## TASK TO CARRY OUT
Copy exactly the line containing "- Assemble the" and all the lines that follow it to the end of the records, minus the pictures.
BEGIN DATASET RECORDS
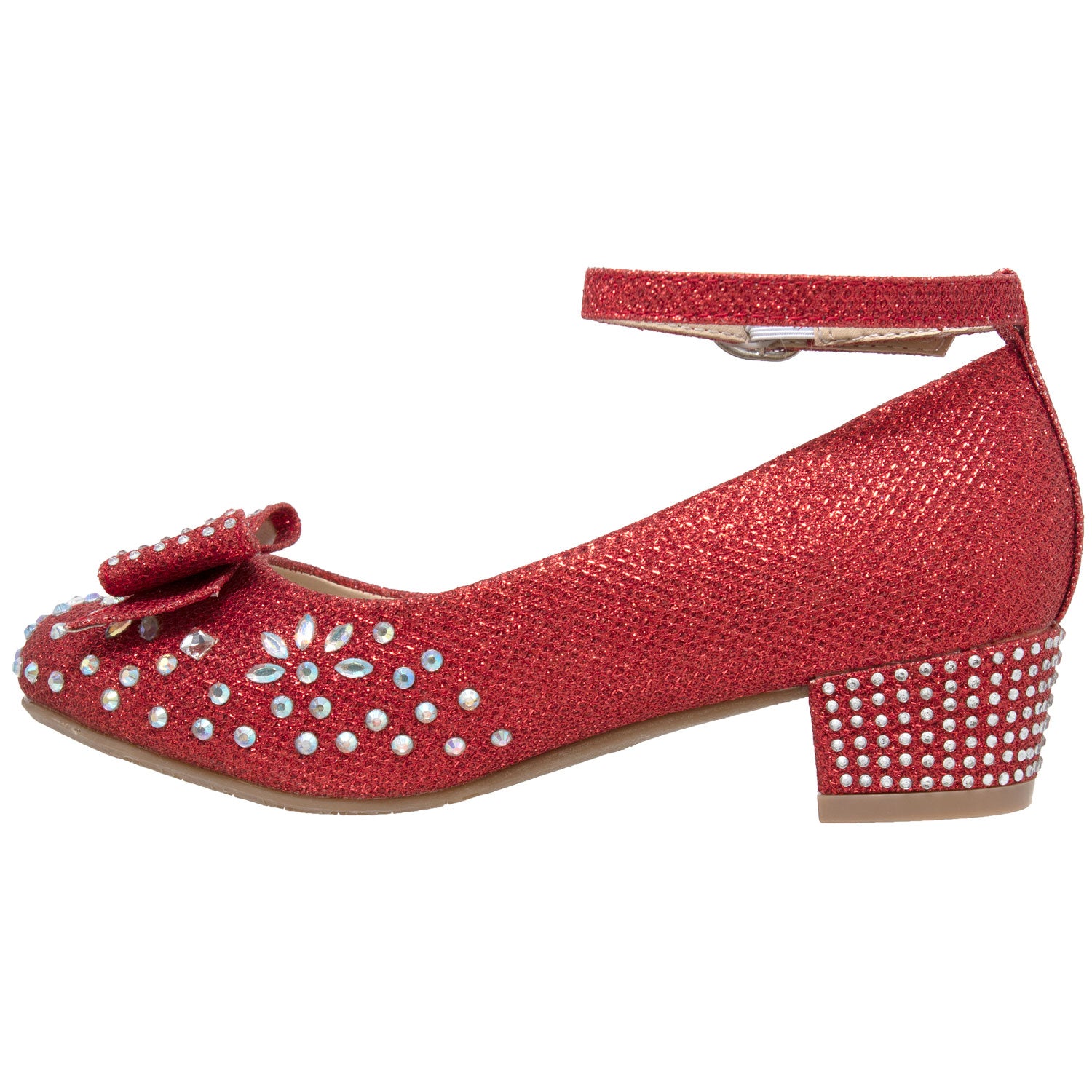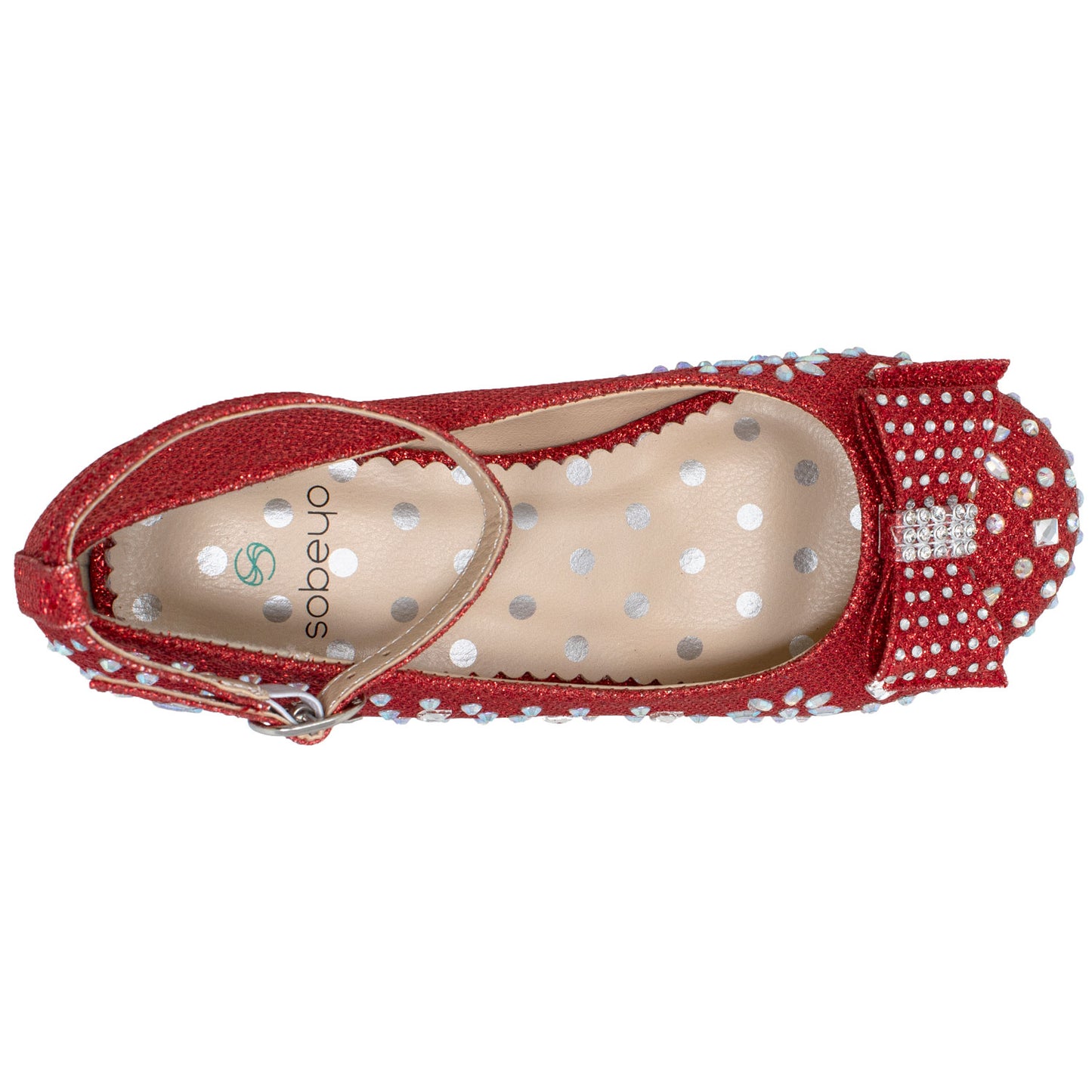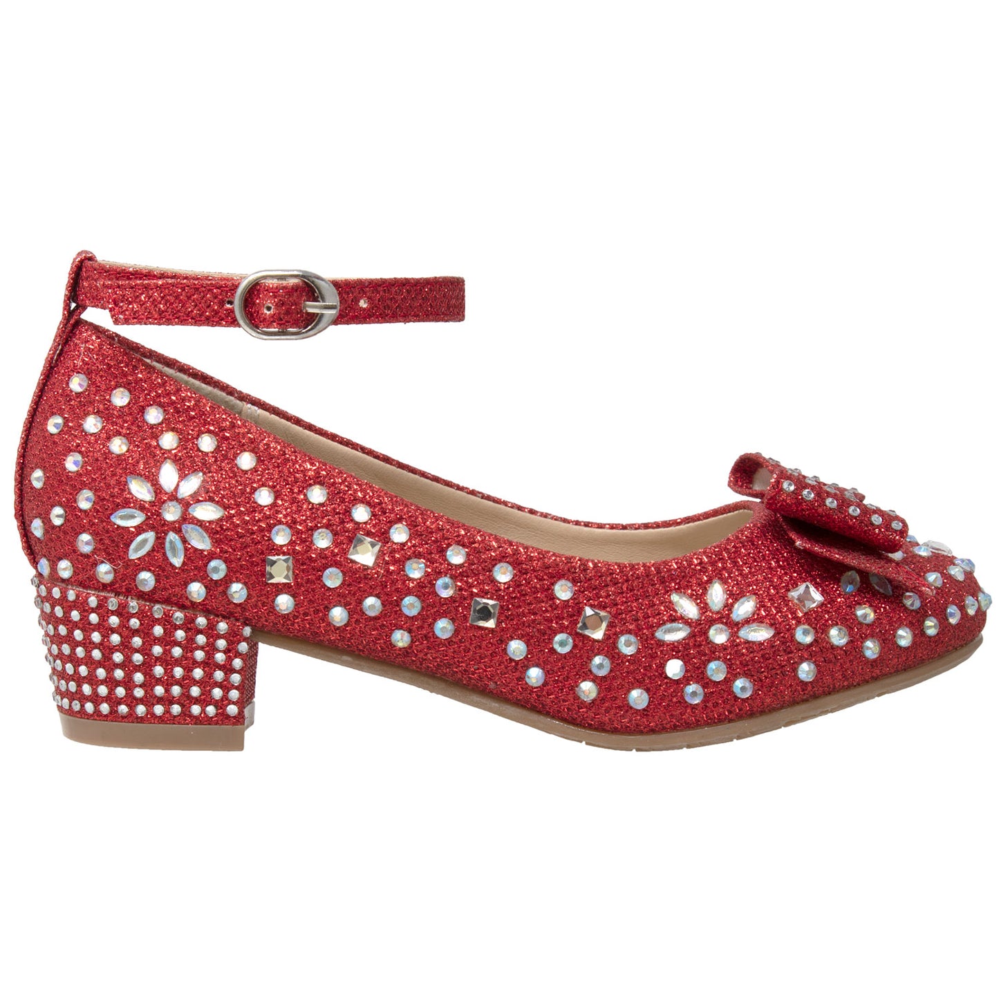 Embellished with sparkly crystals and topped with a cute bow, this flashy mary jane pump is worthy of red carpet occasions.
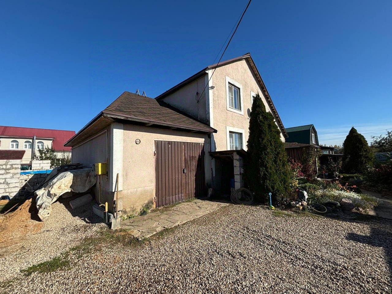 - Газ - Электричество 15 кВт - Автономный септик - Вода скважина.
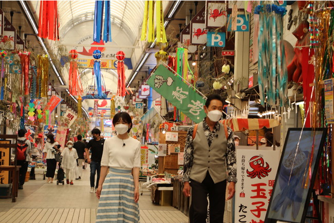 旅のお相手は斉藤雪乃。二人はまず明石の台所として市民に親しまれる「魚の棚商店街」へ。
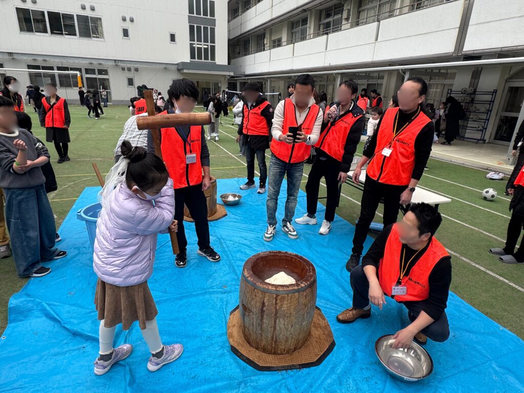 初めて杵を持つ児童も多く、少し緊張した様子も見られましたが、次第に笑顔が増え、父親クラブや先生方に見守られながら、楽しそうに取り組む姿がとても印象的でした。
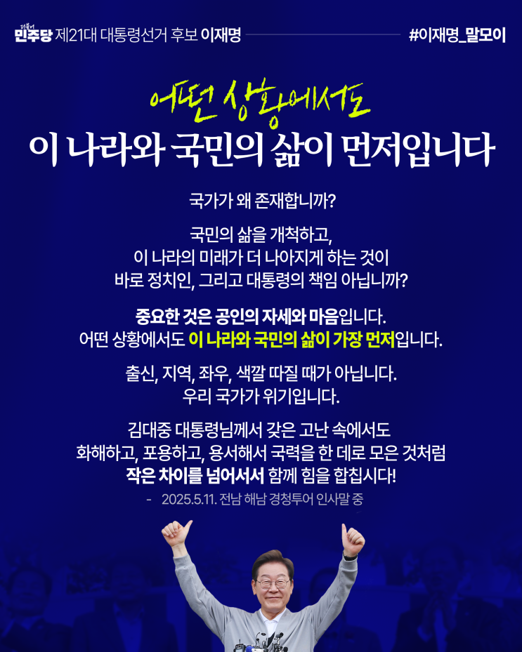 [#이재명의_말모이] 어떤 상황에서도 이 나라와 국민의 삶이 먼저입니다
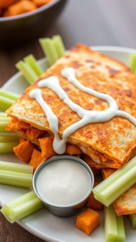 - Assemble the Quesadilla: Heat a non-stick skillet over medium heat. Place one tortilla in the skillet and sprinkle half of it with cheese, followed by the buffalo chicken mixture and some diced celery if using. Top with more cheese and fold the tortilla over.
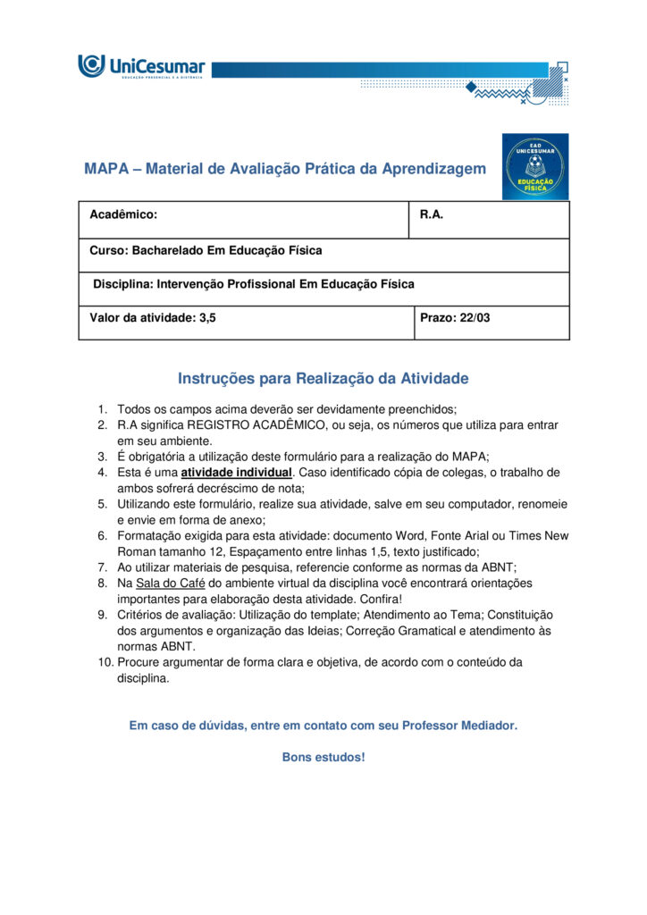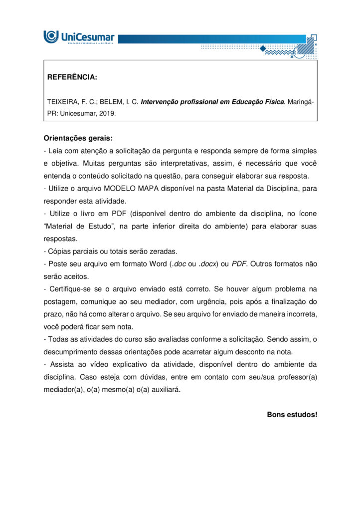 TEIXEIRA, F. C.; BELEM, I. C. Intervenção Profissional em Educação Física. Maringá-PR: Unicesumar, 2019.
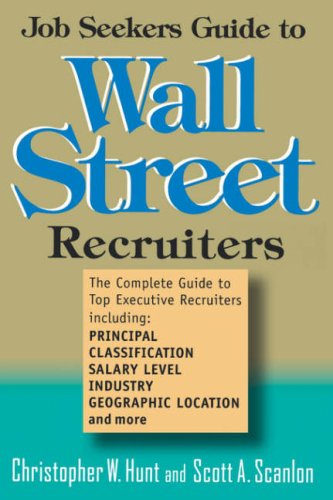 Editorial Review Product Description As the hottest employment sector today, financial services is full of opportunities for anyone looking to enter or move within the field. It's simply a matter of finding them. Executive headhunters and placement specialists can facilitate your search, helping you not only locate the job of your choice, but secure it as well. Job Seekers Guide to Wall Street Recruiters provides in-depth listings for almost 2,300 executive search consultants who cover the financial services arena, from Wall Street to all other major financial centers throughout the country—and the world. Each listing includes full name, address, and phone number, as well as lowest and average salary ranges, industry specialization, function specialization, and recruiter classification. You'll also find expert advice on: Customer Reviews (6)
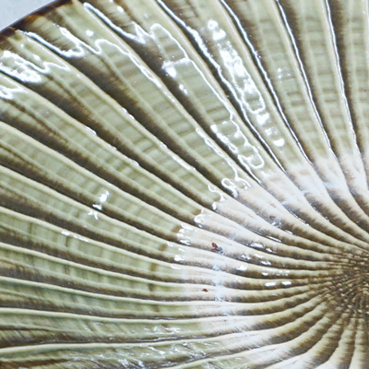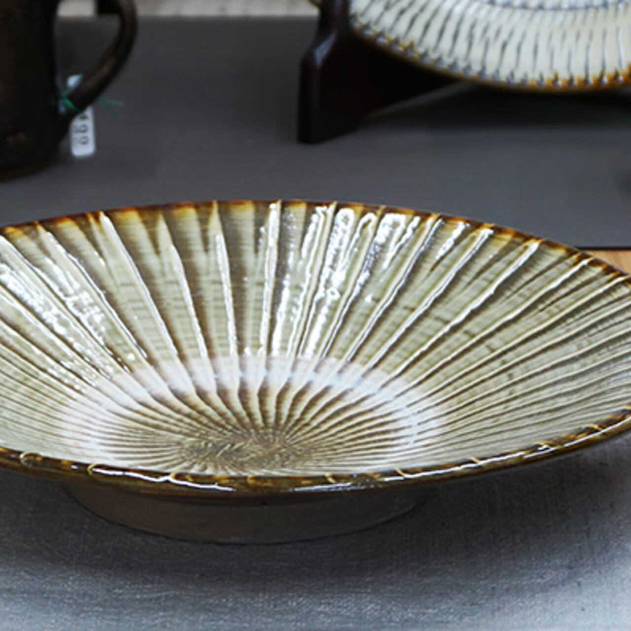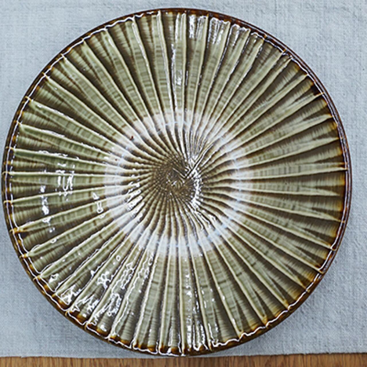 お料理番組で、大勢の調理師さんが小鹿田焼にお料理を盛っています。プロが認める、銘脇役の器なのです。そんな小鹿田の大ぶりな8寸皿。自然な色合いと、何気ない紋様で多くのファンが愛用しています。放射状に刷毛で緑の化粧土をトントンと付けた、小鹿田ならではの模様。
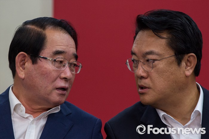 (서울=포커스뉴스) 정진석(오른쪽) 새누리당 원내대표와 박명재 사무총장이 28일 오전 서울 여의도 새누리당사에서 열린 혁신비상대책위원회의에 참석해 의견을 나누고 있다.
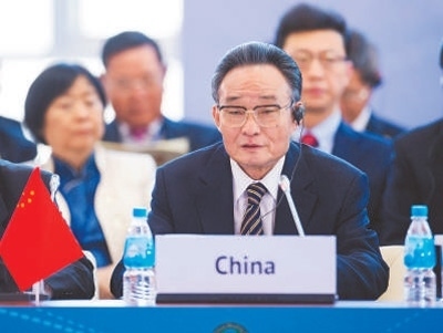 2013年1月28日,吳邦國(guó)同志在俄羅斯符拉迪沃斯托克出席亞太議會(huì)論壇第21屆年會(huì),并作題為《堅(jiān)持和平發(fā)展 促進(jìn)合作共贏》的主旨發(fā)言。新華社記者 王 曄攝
END DATASET RECORDS
## PROBLEM SOLUTION
 - Assemble the Quesadilla: Heat a non-stick skillet over medium heat. Place one tortilla in the skillet and sprinkle half of it with cheese, followed by the buffalo chicken mixture and some diced celery if using. Top with more cheese and fold the tortilla over.
 TEIXEIRA, F. C.; BELEM, I. C. Intervenção Profissional em Educação Física. Maringá-PR: Unicesumar, 2019.
 Editorial Review Product Description As the hottest employment sector today, financial services is full of opportunities for anyone looking to enter or move within the field. It's simply a matter of finding them. Executive headhunters and placement specialists can facilitate your search, helping you not only locate the job of your choice, but secure it as well. Job Seekers Guide to Wall Street Recruiters provides in-depth listings for almost 2,300 executive search consultants who cover the financial services arena, from Wall Street to all other major financial centers throughout the country—and the world. Each listing includes full name, address, and phone number, as well as lowest and average salary ranges, industry specialization, function specialization, and recruiter classification. You'll also find expert advice on: Customer Reviews (6)
 お料理番組で、大勢の調理師さんが小鹿田焼にお料理を盛っています。プロが認める、銘脇役の器なのです。そんな小鹿田の大ぶりな8寸皿。自然な色合いと、何気ない紋様で多くのファンが愛用しています。放射状に刷毛で緑の化粧土をトントンと付けた、小鹿田ならではの模様。
 (서울=포커스뉴스) 정진석(오른쪽) 새누리당 원내대표와 박명재 사무총장이 28일 오전 서울 여의도 새누리당사에서 열린 혁신비상대책위원회의에 참석해 의견을 나누고 있다.
 2013年1月28日,吳邦國(guó)同志在俄羅斯符拉迪沃斯托克出席亞太議會(huì)論壇第21屆年會(huì),并作題為《堅(jiān)持和平發(fā)展 促進(jìn)合作共贏》的主旨發(fā)言。新華社記者 王 曄攝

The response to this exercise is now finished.